(Extracted entries begins)
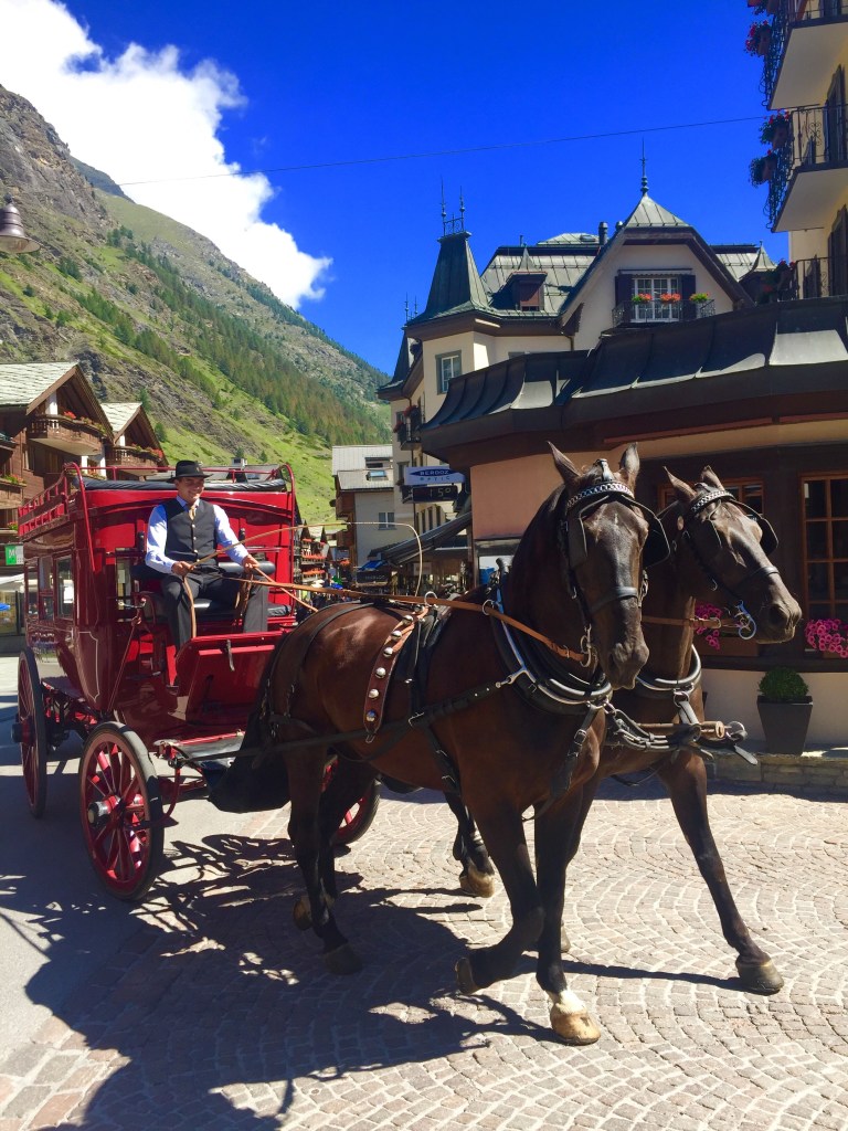 * You may even pay for a a horse carriage to pick you up at the train station going to the hotel, even if the distance is only some 700 meters. Normal cars are forbidden in Zermatt. Only electric vehicles are allowed in the center of town.
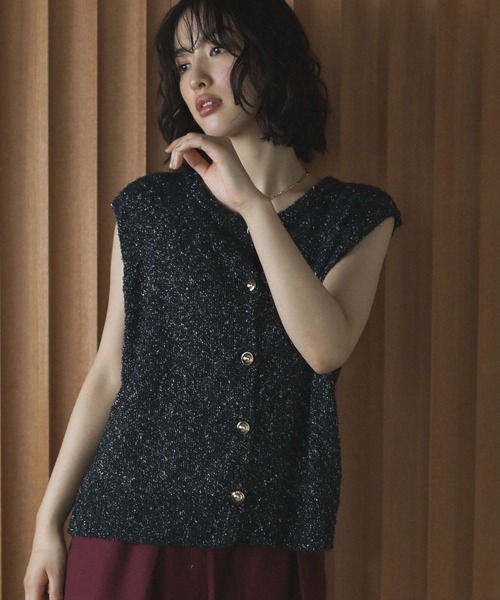 『ラメ感が彩る、ワンランク上のベストスタイル』■デザイン・フロントに並ぶ艶やかなゴールドボタンが洗練度をアップ・気になる二の腕を自然にカバーする、やや肩にかかるノースリーブ・毛足のあるニット地が表情豊かなツイード風ニュアンスを演出・シンプルなクルーネックで、インナー合わせもしやすい■素材・ラメ糸が織り込まれたコットン×ポリエステル×ナイロン混紡・ふんわりとした手触りながら、軽やかな着心地をキープ・シワになりにくく、デイリーにもお出かけにも気軽に使える素材感■カラー展開・明るい表情をプラスする「アイボリー」・引き締め感が欲しいときに活躍する「ブラック」・ニュアンスのある色合いでどんなコーディネートにも馴染む「グレー」■コーディネートブラウスやシャツと合わせて品の良いレイヤードスタイルに。きれいめパンツやロングスカートと組み合わせれば、オフィスカジュアルにも活躍します。■サイズ感身体にフィットし過ぎない程よいゆとりが、リラックスして羽織れるポイント。裾部分にリブをあしらっているので、すっきりと無理なくまとめられます。♦itemkeyword♦#秋服#秋アイテム#ツイードライク#ノースリーブベスト#ゴールドボタン#ラメ入りニット#着回し#デイリー#オフィスカジュアル#シワになりにくい透け感[なし]生地の厚さ[普通]光沢感[ややあり]伸縮性[あり]裏地[なし]ポケット[なし]※モデル着用画像は、光の当たり具合で色味が違って見える場合がございます。※お使いのモニター環境によって商品の色味が違って見える場合がございます。●Green Parks (fuuwa / topic / sara)●(グリーン パークス)20以上の人気ブランドを取り扱う、全国に約320店舗展開するアパレルセレクトショップ。ベーシックながらもさりげなくトレンドを取り入れたオリジナルブランドchocol raffine robeも展開。▼ 商品のお気に入り登録がおすすめです ▼商品ページ内のハートマークをクリック。完売時の再入荷や、最後の1点の通知、コーディネート画像がアップされたとき、お得なお値下げの際の通知を受ける事ができます。【お知らせ】ページでも通知が確認できます。
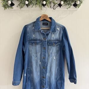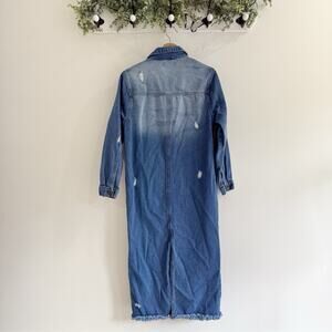 Blue Age Distressed Denim Button Down Jacket Dress Small Y15
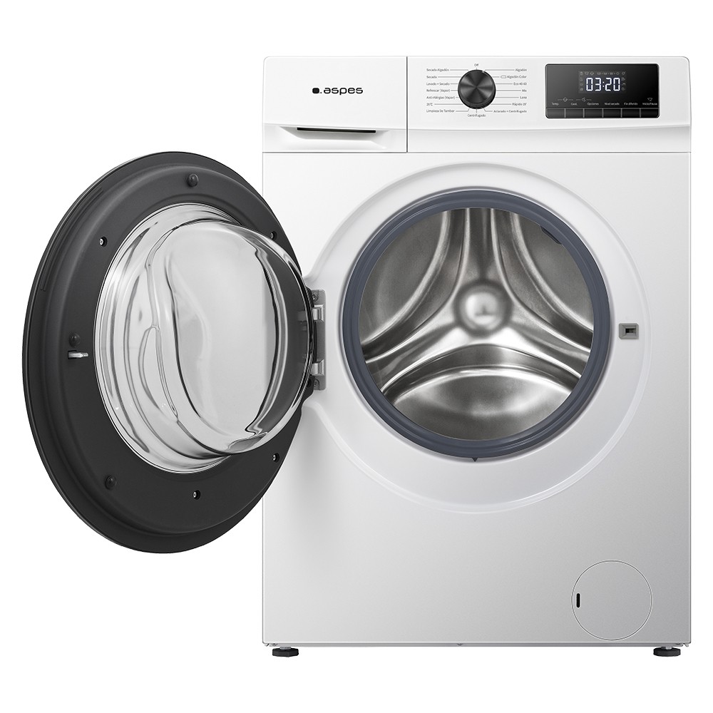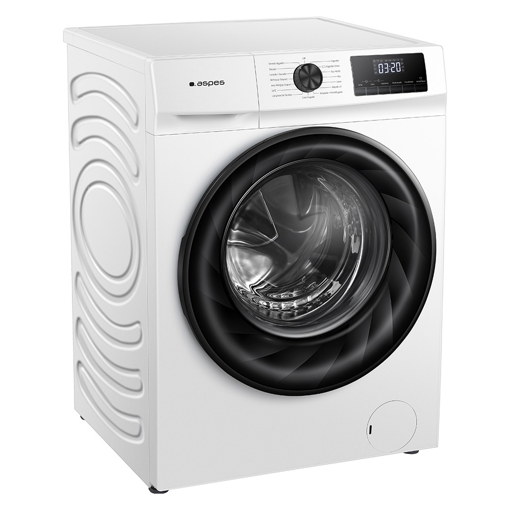 Lava-secadora 9/6kg Carga Frontal Aspes con eficiencia energética D, 1400 rpm, Motor Inverter, 15 programas, Limpieza Tambor, Anti alérgico, Chasis antivibraciones, Puerta XXL, sistema de control Display LED Manual y estética Blanca.
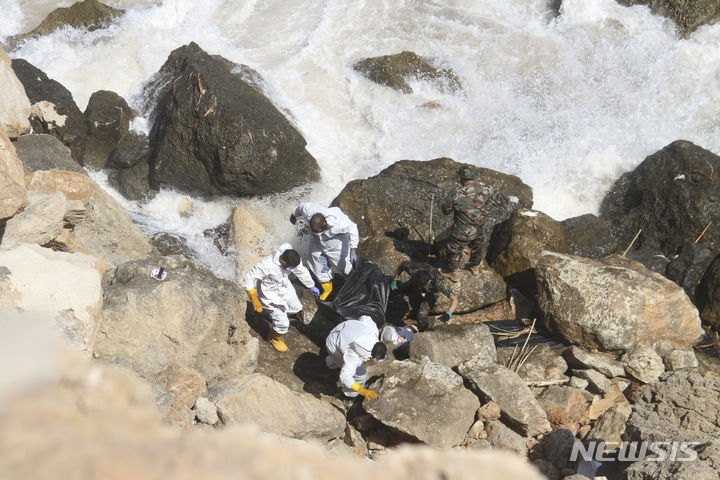 [데르나=AP/뉴시스] 18일(현지시각) 리비아 데르나에서 구조대가 홍수 희생자 시신을 찾고 있다. 유엔 인도주의 업무총괄국(OCHA)은 세계보건기구(WHO)의 증명된 수치를 인용하면서 리비아 홍수 사망자 수를 3958명이라고 대폭 하향 발표했다. 앞서 리비아 적신월(적십자)은 이번 홍수 사망자를 1만1300명이라고 발표했었다. 2023.09.19.
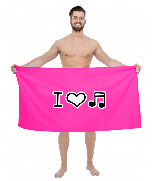 We make sustainable UAX clothing! - hand sewn in the Czech Republic uaxMen uaxCyclingTowelsPRINTED BIG TOWELSdesign 1067 - I LOVE MUSICFLUO PINK
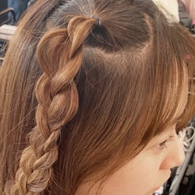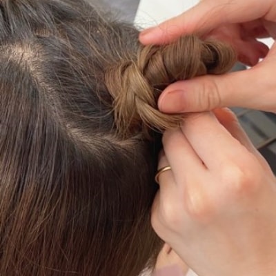 4.ハーフツインの毛束を三つ編みにしてヘアゴムで結んだあと、三つ編みをゆるめます
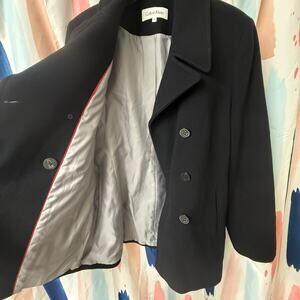 NWOT Calvin Klein Black Double Breasted Fully Lined Wool Cashmere Peacoat Size 14
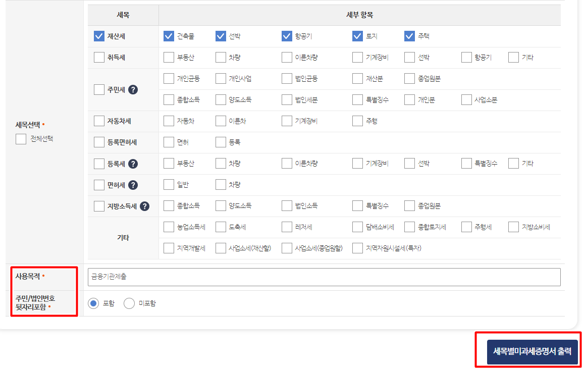 그 후 아래와 같이 세목별 과세증명서 발급을 할지, 세목별 미과세증명서를 발급할지 선택해 줍니다. 반드시 빨간* 표시가 된 항목은 체크하거나 작성해야 합니다.
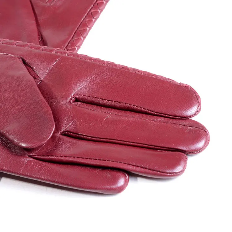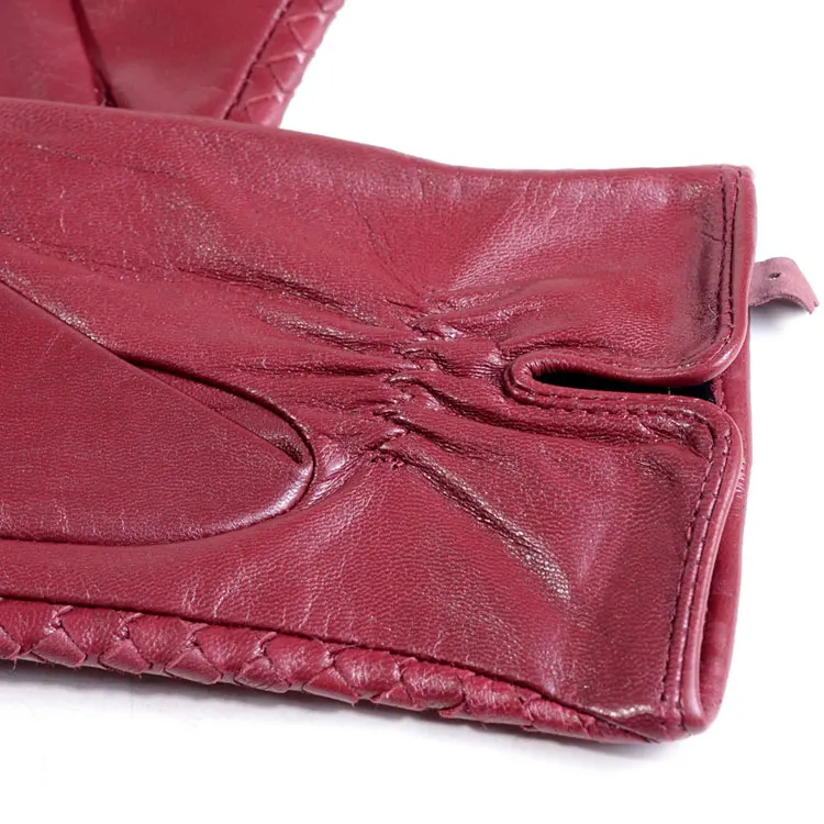 Women's 100% Real Leather Winter Warm Elegant Woven Design Lambskin Goatskin Classical Driving Riding Touch Screen Short Gloves
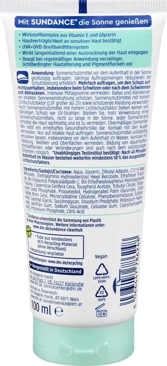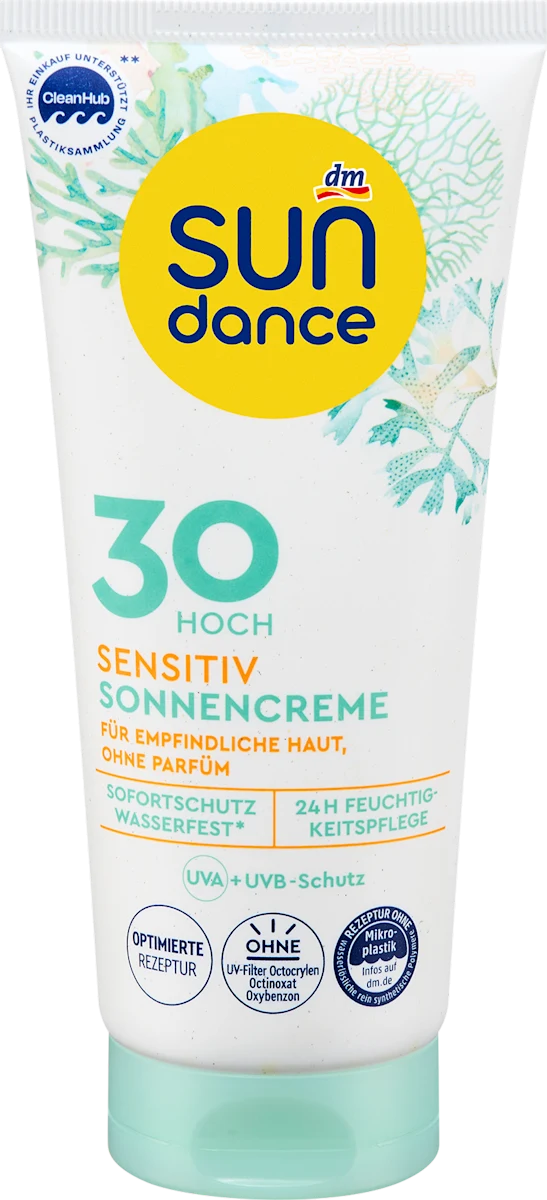 SUNDANCE zonnecrème sensitiv SPF 30 100 ml is een zonbeschermingsproduct dat speciaal is ontwikkeld voor de dagelijkse bescherming van de gevoelige huid. Deze zonnecrème maakt deel uit van het SUNDANCE assortiment van de Duitse voordeeldrogist DM, die bekend staat om betrouwbare en betaalbare zonverzorgingsproducten.
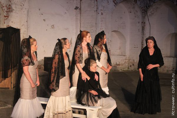 «Дом Бернарды Альбы» – один из немногих спектаклей, сыгранных на фестивале «Голоса истории» под открытым небом. Словацкие артисты выбрали для показа Пятницкую башню. Их спектакль оказался едва ли не самым лучшим в исторических интерьерах. Белеющая на фоне ночного неба башня напоминала колокольню католического собора, сценическая площадка, огороженная с трёх сторон высокими стенами, отчётливо напоминала, что действие пьесы происходит в ограниченном пространстве. Актёрский ансамбль умело обживает новое пространство. Создалась твёрдая уверенность, что мы наблюдаем действие, происходящее в испанском дворике. Эмоции, перипетии сюжета захватывают и вызывают сопереживание. Вот один эпизод: девушки приникают к стене, будто бы рассматривая, что же происходит на свободе. И у зрителя создаётся полное ощущение, что они видят свободных людей, тем самым приобщаясь к внешнему миру, вырываясь из домашнего плена. Таким образом, северная архитектура помогла словацкому театру создать необходимую атмосферу для более точного эмоционального восприятия спектакля зрителем.
(Extracted entries ends)
What you have to do: Reproduce only the lines of the records from the start up to and including the line that holds "[데르나=AP/뉴시스] 18일(현지시각) 리비아"; do not carry over any picture.

Task answer:
 * You may even pay for a a horse carriage to pick you up at the train station going to the hotel, even if the distance is only some 700 meters. Normal cars are forbidden in Zermatt. Only electric vehicles are allowed in the center of town.
 『ラメ感が彩る、ワンランク上のベストスタイル』■デザイン・フロントに並ぶ艶やかなゴールドボタンが洗練度をアップ・気になる二の腕を自然にカバーする、やや肩にかかるノースリーブ・毛足のあるニット地が表情豊かなツイード風ニュアンスを演出・シンプルなクルーネックで、インナー合わせもしやすい■素材・ラメ糸が織り込まれたコットン×ポリエステル×ナイロン混紡・ふんわりとした手触りながら、軽やかな着心地をキープ・シワになりにくく、デイリーにもお出かけにも気軽に使える素材感■カラー展開・明るい表情をプラスする「アイボリー」・引き締め感が欲しいときに活躍する「ブラック」・ニュアンスのある色合いでどんなコーディネートにも馴染む「グレー」■コーディネートブラウスやシャツと合わせて品の良いレイヤードスタイルに。きれいめパンツやロングスカートと組み合わせれば、オフィスカジュアルにも活躍します。■サイズ感身体にフィットし過ぎない程よいゆとりが、リラックスして羽織れるポイント。裾部分にリブをあしらっているので、すっきりと無理なくまとめられます。♦itemkeyword♦#秋服#秋アイテム#ツイードライク#ノースリーブベスト#ゴールドボタン#ラメ入りニット#着回し#デイリー#オフィスカジュアル#シワになりにくい透け感[なし]生地の厚さ[普通]光沢感[ややあり]伸縮性[あり]裏地[なし]ポケット[なし]※モデル着用画像は、光の当たり具合で色味が違って見える場合がございます。※お使いのモニター環境によって商品の色味が違って見える場合がございます。●Green Parks (fuuwa / topic / sara)●(グリーン パークス)20以上の人気ブランドを取り扱う、全国に約320店舗展開するアパレルセレクトショップ。ベーシックながらもさりげなくトレンドを取り入れたオリジナルブランドchocol raffine robeも展開。▼ 商品のお気に入り登録がおすすめです ▼商品ページ内のハートマークをクリック。完売時の再入荷や、最後の1点の通知、コーディネート画像がアップされたとき、お得なお値下げの際の通知を受ける事ができます。【お知らせ】ページでも通知が確認できます。
 Blue Age Distressed Denim Button Down Jacket Dress Small Y15
 Lava-secadora 9/6kg Carga Frontal Aspes con eficiencia energética D, 1400 rpm, Motor Inverter, 15 programas, Limpieza Tambor, Anti alérgico, Chasis antivibraciones, Puerta XXL, sistema de control Display LED Manual y estética Blanca.
 [데르나=AP/뉴시스] 18일(현지시각) 리비아 데르나에서 구조대가 홍수 희생자 시신을 찾고 있다. 유엔 인도주의 업무총괄국(OCHA)은 세계보건기구(WHO)의 증명된 수치를 인용하면서 리비아 홍수 사망자 수를 3958명이라고 대폭 하향 발표했다. 앞서 리비아 적신월(적십자)은 이번 홍수 사망자를 1만1300명이라고 발표했었다. 2023.09.19.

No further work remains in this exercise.